Until a few decades ago, many certified divers still wrote down their dive tables with pen and paper. Handwritten algorithms tracked depth and time, ensuring these underwater explorers knew how to dive — and surface — safely.
The advent of dive computers in the late 1980s made such calculations unnecessary, and soon the majority of divers around the world had the “unattractive, chunky gray case” strapped to their wrists, Dive Magazine wrote.
Now divers can get all of these features from the Apple Watch Ultra.
On Nov. 28, Apple launched the Oceanic+ app and claims it turns the tech company’s powerful watch into a “fully capable and easy-to-use dive computer,” the press release said.
Apple worked with Huish Outdoors to design the app for its new Watch, which was discontinued this year. The Apple Watch Ultra already comes with a depth gauge and water temperature sensors, and remains waterproof up to 40 meters.
By pairing it with the Oceanic+ app, users benefit from advanced features, such as dive planning and a complete post-dive experience.
“There is now a companion that communicates clear and timely information to divers,” said Andrea Silvestri, vice president of product development and design at Huish Outdoors, in the press release.
Silvestri, who spearheaded the creation of the Oceanic+ app, said “there has never been anything like this in scuba diving before”.
Design and features of the Oceanic+ app
After extensive testing, Silvestri said the Apple Watch Ultra was as intuitive as a dive computer. This makes it easier to focus on the experience instead of clicking complicated buttons or doing mental calculations.

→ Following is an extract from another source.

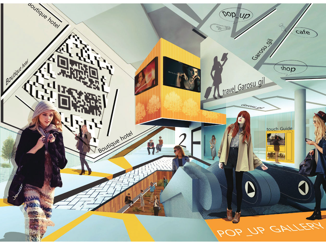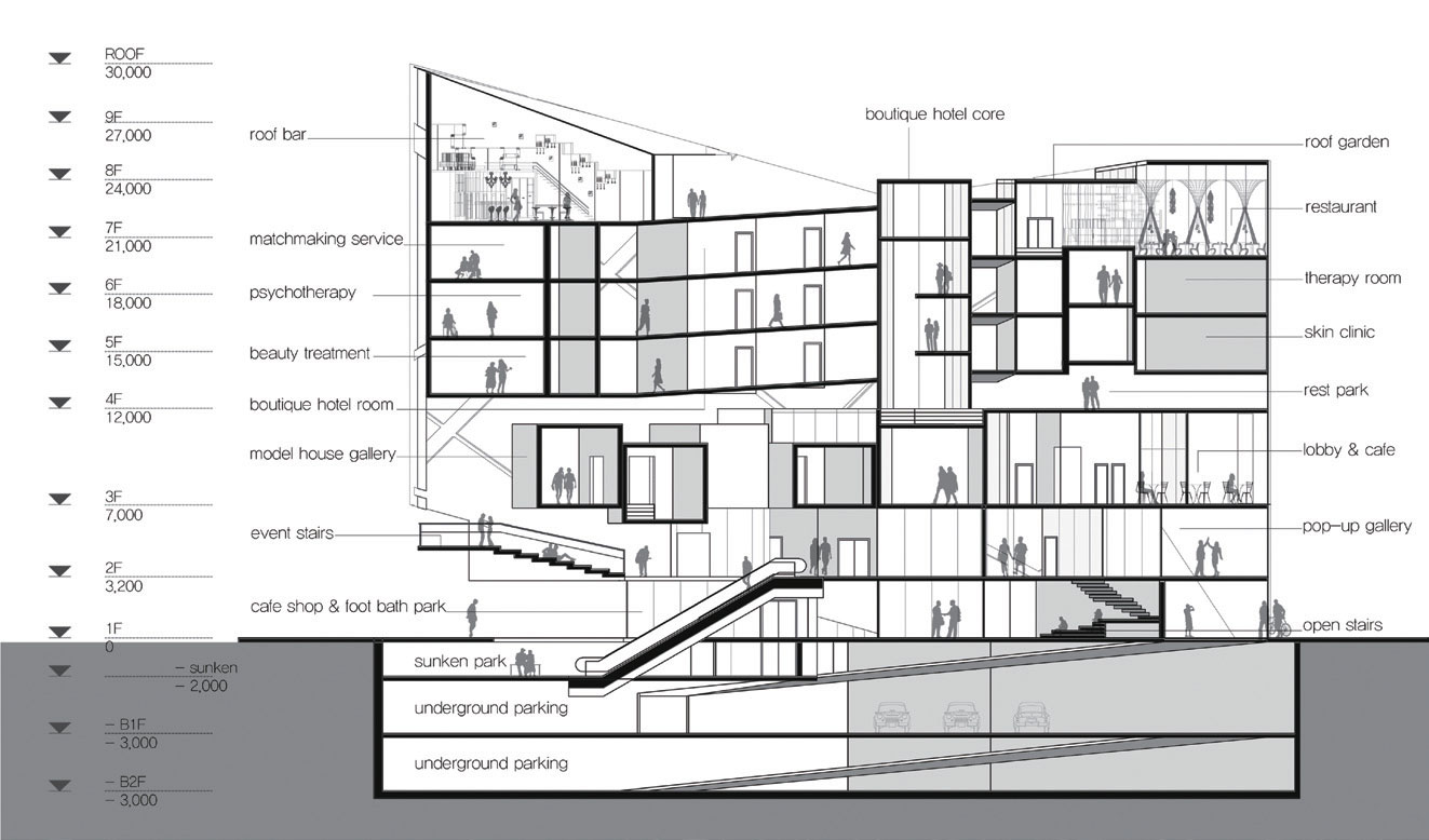 또한 앞서 언급한 단일 동선이 낳는 지루함이 공용 공간의 부재로 귀결된다. 따라서 다양한 방향의 동선을 고려한 레벨 차가 발생된 저층부에는 공용 공간이 위치하게 된다. 여기에는 가로수길의 또 다른 쇼윈도를 표현한 족욕 공간, 야외 선큰, 허브 계단 등의 부티크 광장과 팝업 스토어를 이용한 팝업 갤러리, 모델하우스 개념을 이용한 부티크 체험관이 위치한다.

Apple Watch Ultra is certified to WR100 and EN 13319, an internationally recognized standard for diving accessories, including depth gauges, the company said. Apple also clarified that its screen remains bright and visible in water.

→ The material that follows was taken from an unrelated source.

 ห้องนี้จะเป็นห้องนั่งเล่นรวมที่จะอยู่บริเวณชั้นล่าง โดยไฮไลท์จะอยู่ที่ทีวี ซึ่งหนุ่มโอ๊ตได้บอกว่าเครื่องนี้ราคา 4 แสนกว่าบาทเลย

Wearers can customize the watch’s Action button to launch the Oceanic+ app on the pre-dive screen. During a dive, pressing the Action button will mark a compass bearing. In the app’s dive planner, users can set surface time, depth and gas. Then the app calculates their no-decompression (no-decompression) time – a metric used to determine a time limit for a diver at a certain depth.
A long list of functions continues from there. According to Apple, the dive planner shows dive conditions, such as tides and water temperature. It also gives up-to-date information from external sources, including visibility and currents. Once the dive is over, users can view a collection of data about their experience, from a map with GPS entry and exit locations to other graphs of depth and temperature changes.
Silvestri highlighted the app’s haptic feedback, which uses vibrations to “tap” users on the wrist to send notifications.
“We made the experience very personal,” he said. “It’s like a little nudge to guide you.”
Oceanic+ app: price and availability
Interested in trying the app? It is available for download on the App Store.
However, you’ll need an $800 Apple Watch Ultra first, though, if you don’t already have one. It should also work on watchOS 9.1 paired with some iPhones (not older than iPhone 8, for example).
The app’s basic functions, such as depth and time, are free. But for the more serious ones – decompression tracking, tissue loading, location planner and unlimited logbook capacity – you’ll have to pay a subscription.
It will cost you US$10 per month, or annually for $80 per year.